Court Settlement Opens School Doors for Pa. Disabled Children
You can find a copy of the settlement agreement here.
An agreement approved yesterday in U.S. District Court in Philadelphia will make it easier for Pennsylvania families with disabled children to mainstream their kids.
The settlement gives more power to the parents of disabled children and forces state officials to make sure school districts comply with the federal Individuals with Disabilities Education Act (IDEA).
"We've worked with parents whose children were systematically excluded from the regular education environment just because of their disabilities," said Barbara Ransom, a lawyer for the Public Interest Law Center of Philadelphia, which represented the plaintiffs in the 11-year-old class action case.
"Discrimination is bad no matter who does it or who is affected. These children have been excluded because of the prejudices associated with being different."
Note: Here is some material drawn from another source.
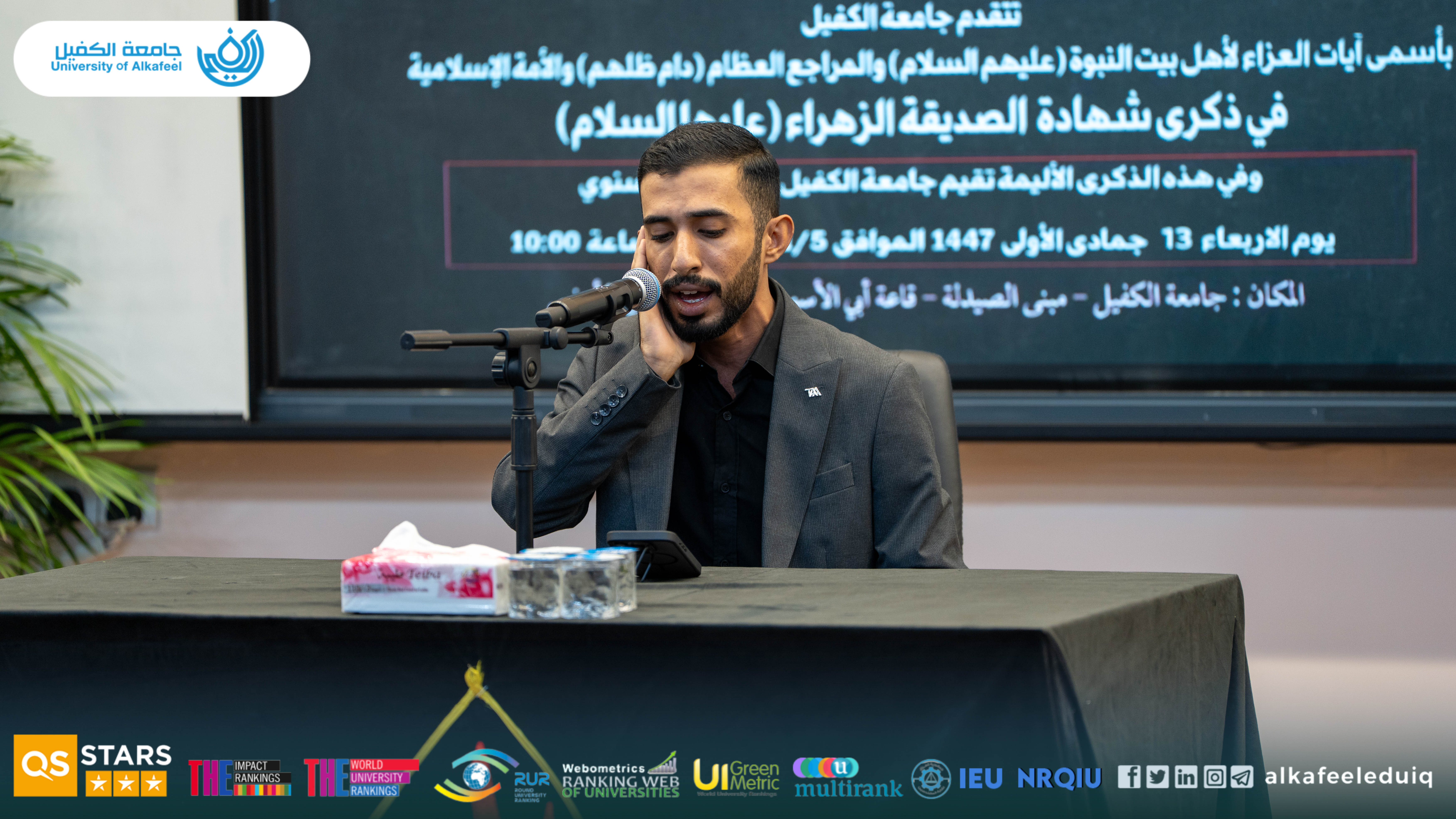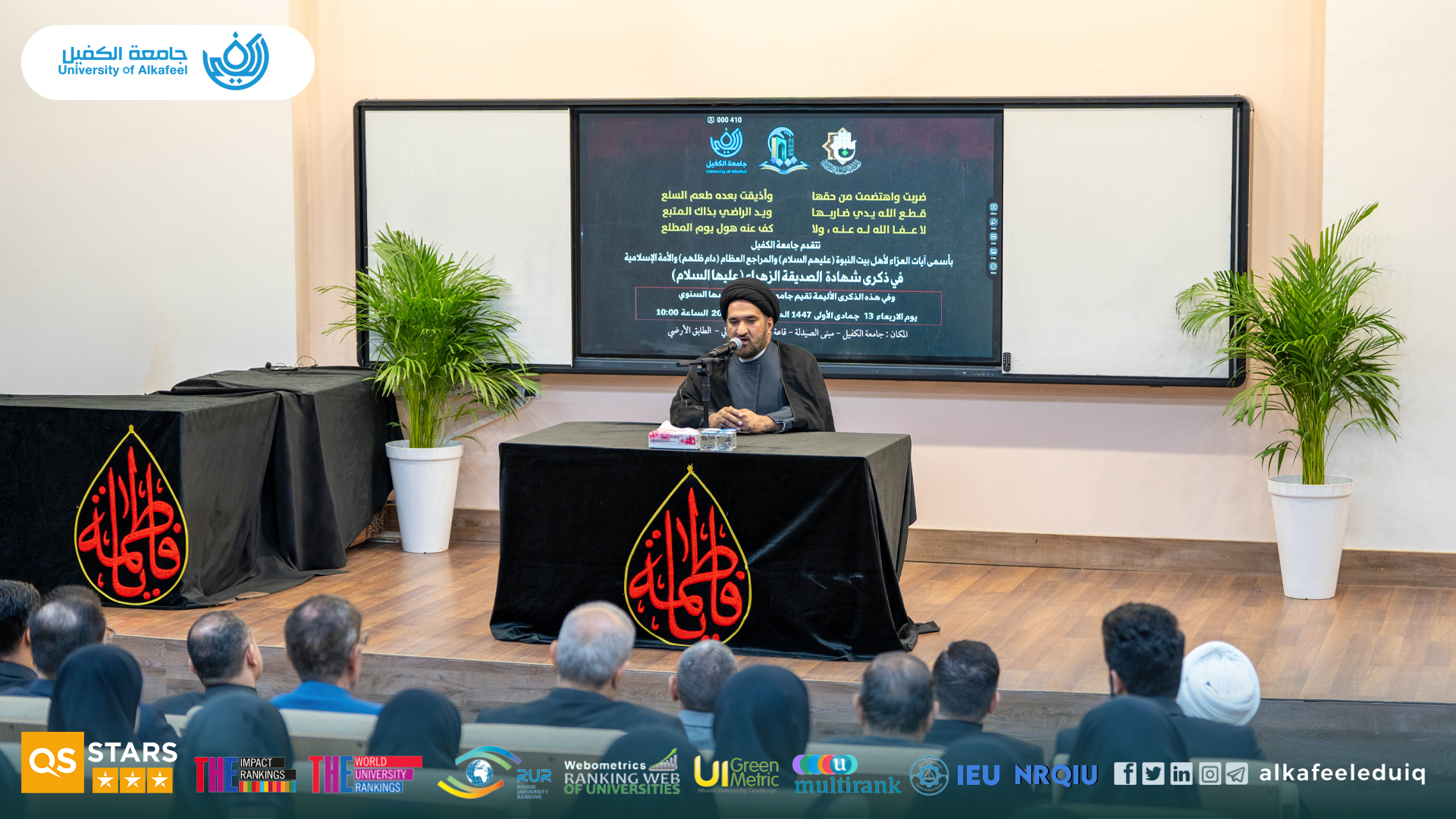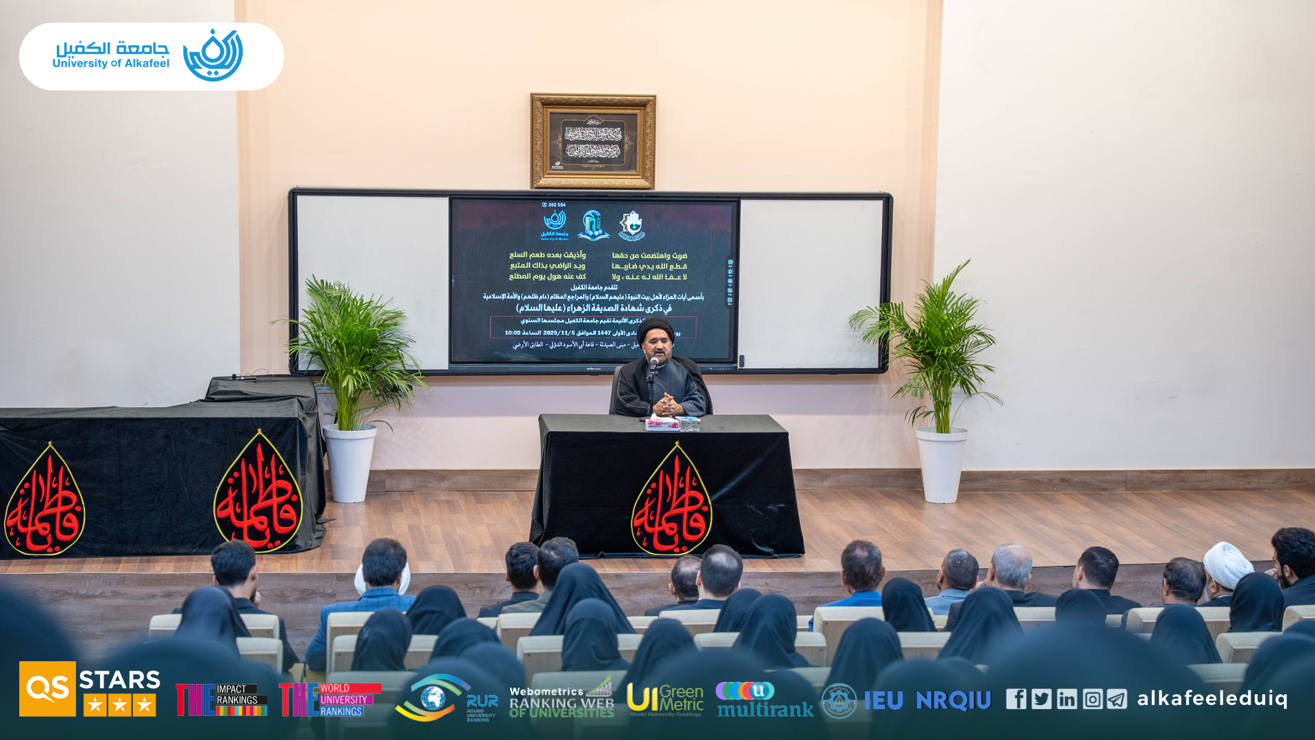 أقام قسم الإرشاد النفسي والتوجيه التربوي في جامعة الكفيل يوم الأربعاء الموافق 5 /11/ 2025 مجلس عزاء إحياءً لذكرى استشهاد سيّدة نساء العالمين السيدة فاطمة الزهراء (عليها السلام) وذلك في كلية الصيدلة بالجامعة.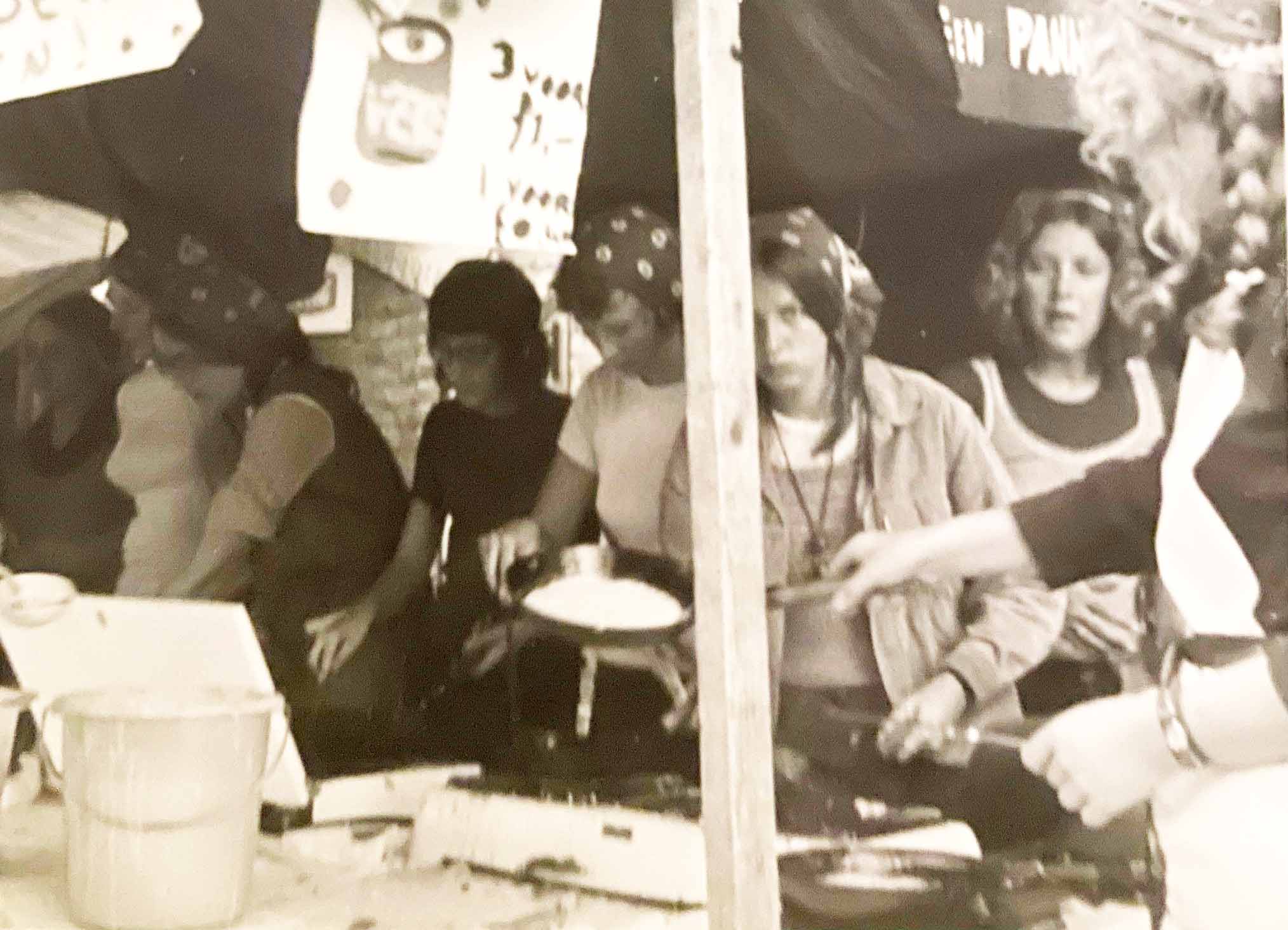 Een paar vaders komen helpen om de gasflessen aan te sluiten en ondertussen maken wij al emmers vol beslag. Om een uur of negen glijden de eerste pannenkoeken (toen nog pannekoeken) al uit de pan. We hoeven ze niet te stapelen; het publiek wil ze zo uit de pan opeten en het geld rinkelt al snel in de spaarpotjes. Veertig cent per stuk en drie voor een gulden. We lossen elkaar geregeld af zodat je ook eens even naar de wc (in Seventy Seven) kan en even tijd hebt voor een shagje.

The Public Interest Law Center represented a class of 280,000 special education students in a lawsuit with 12 named plaintiffs and 11 disabilities advocacy organizations. The plaintiffs claimed that the state's school-age students with physical, behavioral and development disabilities are not given enough time in regular classrooms and don't get appropriate instruction, with adjustments for their disabilities, to help them learn.
The settlement requires the state to set up a five-year monitoring system, along with a parent-dominated advisory board.
School districts will get be graded on how well they include disabled children in regular classrooms. Those with the worst records of including disabled students will be put on a monitoring list. The state will help failing districts improve and impose penalties on those who don't.
The most severe penalties include losing state funds and disciplinary action against school administrators.